Use a two-tailed point-biserial correlation with α = 0.05 to determine if a relationship exists between the two variables. Report your findings.
4. A researcher wished to determine if there is a connection between poverty and self-esteem. Income level was used to classify 18 participants as either below poverty or above poverty. Participants completed a 20 item survey to measure self-esteem. The scores from the survey are reported in Table 7.17.
Use a two-tailed biserial correlation with α = 0.05 to determine if a relationship exists between the two variables. Report your findings.
Relative class rank | Fifth-year salary ($) |
---|---|
1 | 83,450 |
2 | 67,900 |
3 | 89,000 |
4 | 80,500 |
5 | 91,000 |
6 | 55,440 |
7 | 101,300 |
8 | 50,560 |
9 | 76,050 |
Average survey score | Years of service |
---|---|
4.0 | 18 |
4.0 | 15 |
2.4 | 2 |
4.2 | 13 |
3.4 | 4 |
4.0 | 10 |
5.0 | 24 |
1.8 | 4 |
3.2 | 9 |
2.5 | 5 |
2.5 | 3 |
3.0 | 8 |
3.6 | 16 |
4.6 | 14 |
4.8 | 12 |
Participant | Gender | Posttest score |
---|---|---|
1 | M | 44 |
2 | M | 30 |
3 | M | 50 |
4 | M | 33 |
5 | M | 37 |
6 | M | 35 |
7 | M | 36 |
8 | F | 29 |
9 | F | 39 |
10 | F | 33 |
11 | F | 50 |
12 | F | 45 |
13 | F | 37 |
14 | F | 30 |
15 | F | 34 |
16 | F | 50 |
Participant | Poverty level | Survey score |
---|---|---|
1 | Above | 15 |
2 | Above | 19 |
3 | Above | 15 |
4 | Above | 20 |
5 | Above | 7 |
6 | Above | 12 |
7 | Above | 3 |
8 | Above | 15 |
9 | Below | 9 |
10 | Below | 5 |
11 | Below | 13 |
12 | Below | 13 |
13 | Below | 11 |
14 | Below | 10 |
15 | Below | 8 |
16 | Below | 9 |
17 | Below | 10 |
18 | Below | 17 |
1. The results from the analysis are displayed in SPSS Output 7.3.
The results from the Spearman rank-order correlation (rs = −0.217, p > 0.05) did not produce significant results.

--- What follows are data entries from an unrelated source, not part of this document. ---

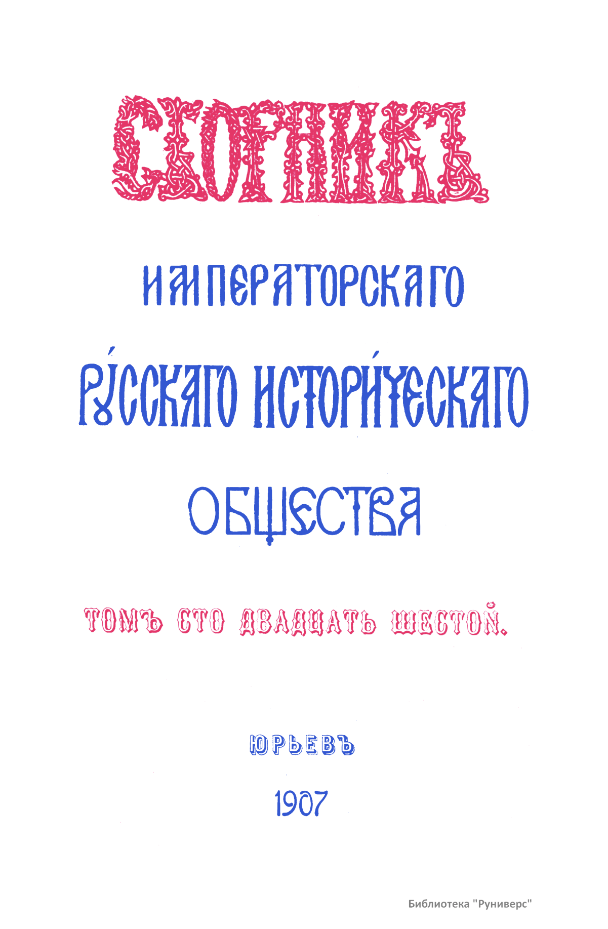 Сборникъ Русскаго историческаго общества. Томъ сто двадцать шестой
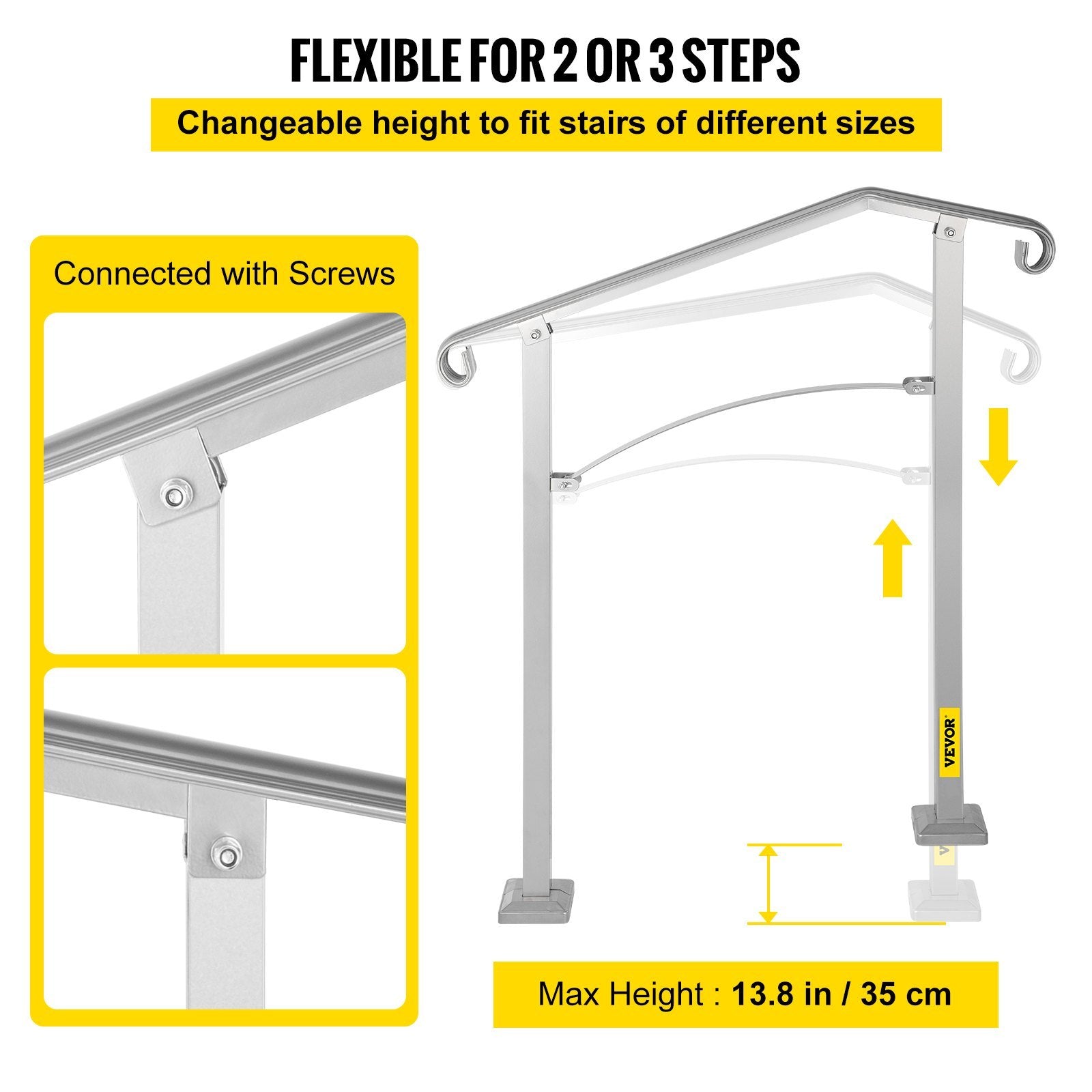 Outdoor Stair Railing, Fit 2 Or 3 Steps Alloy Metal Handrailing, Front Porch Flexible Transitional Handrail, Arch Step Rail With Installation Kit, For Concrete Or Wooden Stairs, Silver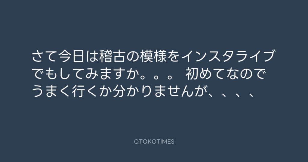 さて今日は稽古の模様をインスタライブでもしてみますか。。。 初めてなのでうまく... -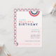 Célébrez votre douce avec cette invitation de fête moderne et amusante avec des arcs-en-ciel. En corail, bleu, rose et turquoise, cette invitation est parfaite pour les fêtes du printemps et de l'été. Tout le texte est personnalisable. Une partie d'une collection de Parcel Studios.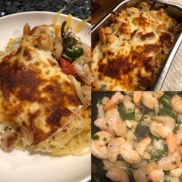 To make this beauty cut a spaghetti squash in half, seed it, brush the cut side with a little EVOO, season it with salt & pepper and bake it, cut side down, for about 30 minutes in a 350 degree oven. While that magic is happening, quickly sauté some fresh shrimp, garlic, onion, spinach and season well (I like to add some red pepper flakes or diced up jalapeño just to spice it up). Next step, when the squash has cooked and is cool enough to handle scrape it out into the wok with the shrimp sauté. Mix the squash and shrimp well so it’s all incorporated. Then turn the mixture into a baking pan that is lightly brushed with EVOO (to prevent sticking). Top this with mozzarella and bake for about 20 minutes in a 350 oven (until cheese is melted and a little brown).
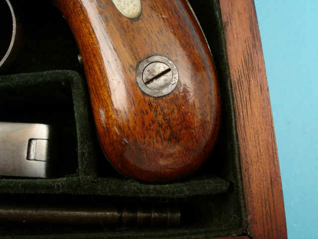 barrel cluster; varnished walnut grip with oval escutcheons. Varnished mahogany case lined

Based on these data, we can state that there is no clear relationship between graduates' relative class rank and fifth-year salary.
2. The results from the analysis are displayed in SPSS Output 7.4.
The results from the Spearman rank-order correlation (rs = 0.806, p < 0.05) produced significant results. Based on these data, we can state that there is a very strong correlation between soldiers' survey scores concerning the new program's effectiveness and their total years of military service.
3. The results from the point-biserial correlation (rpb = 0.047, p > 0.05) did not produce significant results. Based on these data, we can state that there is no clear relationship between 8th-grade gifted students' gender and their score on the history knowledge test administered by the teacher.
Note that the results obtained from using SPSS is rpb = 0.049, p > 0.05.
4. The results from the biserial correlation (rb = 0.372, p > 0.05) did not produce significant results. Based on these data, we can state that there is no clear relationship between poverty level and self-esteem.